Given an array of strings words, return the longest word that can be built one character at a time by other words in the array. If multiple answers, return the lexicographically smallest.
Input: ["w","wo","wor","word","work"] → Output: "word"Input: ["a","banana","app","appl","ap","apply","apple"] → Output: "apple"
Build a Trie. For each word, it is valid if every prefix is also in the Trie as a complete word.

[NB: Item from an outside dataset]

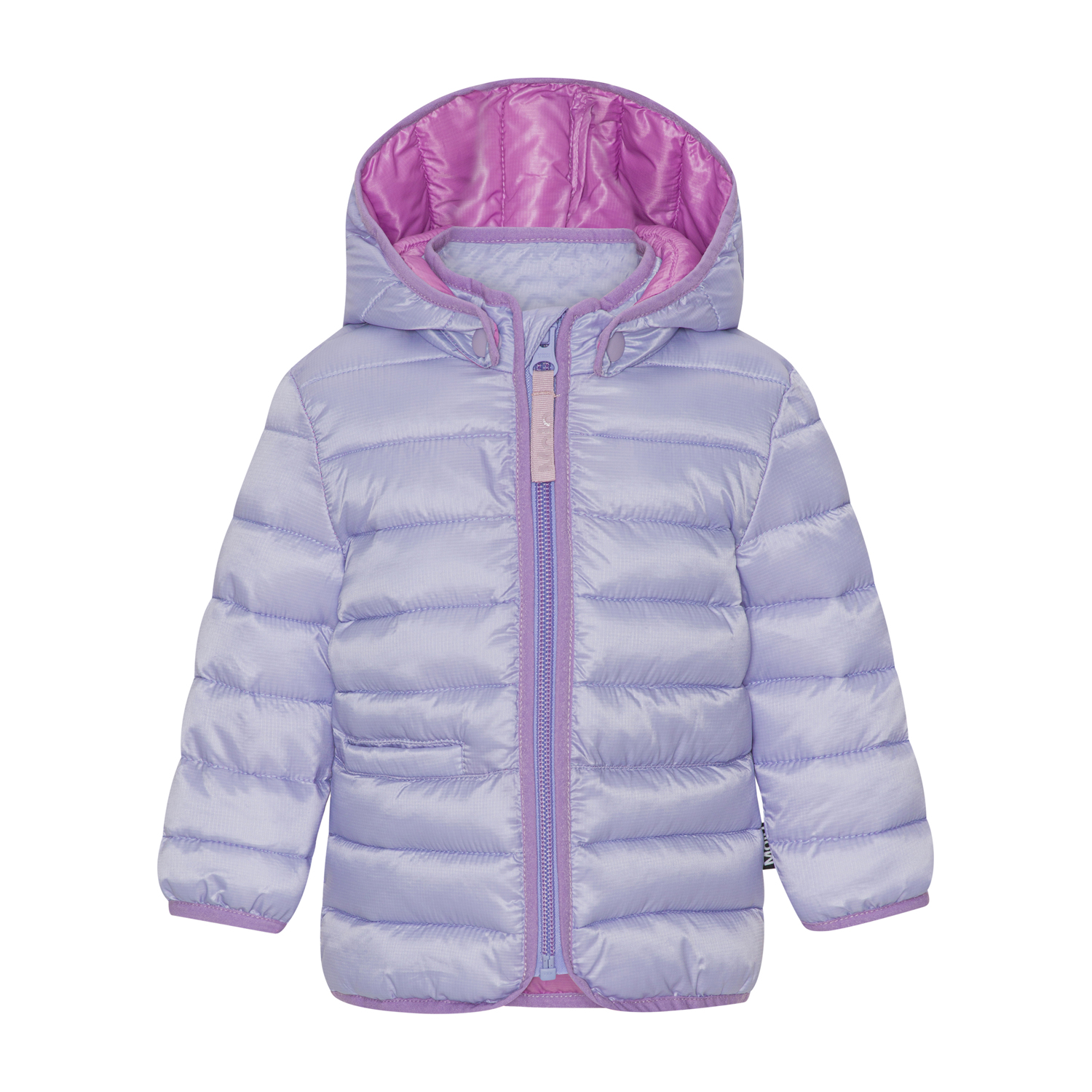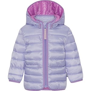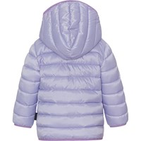 Lichtpaarse donsjas voor peuters met een roze binnenzijde en randen. De jas heeft een afneembare capuchon, een opstaande kraag en een rits met kinbeschermer, samen met een eenvoudige zak aan de voorkant. De jas is gevoerd met imitatie dons genaamd Pearl Padding, wat zorgt voor gelijkmatige zachtheid, goede isolatie en gemakkelijk wassen mogelijk maakt. Er is een water- en vuilafstotende coating gebruikt zonder het gebruik van chemicaliën zoals PFOS, PFOA en dergelijke.

BFS/DFS from root finding longest valid path.
- Insert all words into Trie.
- BFS from root: add a node to queue only if it represents a complete word (isEnd=true).
- Track the longest (then lexicographically smallest) word.
import java.util.*;
class Solution {
public String longestWord(String[] words) {
Trie trie = new Trie();
for (String w : words) trie.insert(w);
String result = "";
// BFS
Queue<String> q = new LinkedList<>();
q.offer("");
while (!q.isEmpty()) {
String cur = q.poll();
if (cur.length() > result.length() || (cur.length() == result.length() && cur.compareTo(result) < 0))
result = cur;
for (char c = 'a'; c <= 'z'; c++) {
String next = cur + c;
if (trie.search(next)) q.offer(next);
}
}
return result;
}
// Simple Trie for this problem
static class Trie {
boolean[][] isEnd; // simplified
Map<String,Boolean> set = new HashSet<>() {{ }};
Set<String> words = new java.util.HashSet<>();
public void insert(String w) { words.add(w); }
public boolean search(String w) { return words.contains(w); }
}
}
- Time Complexity: O(N * L) where L=max word length
- Space Complexity: O(N * L)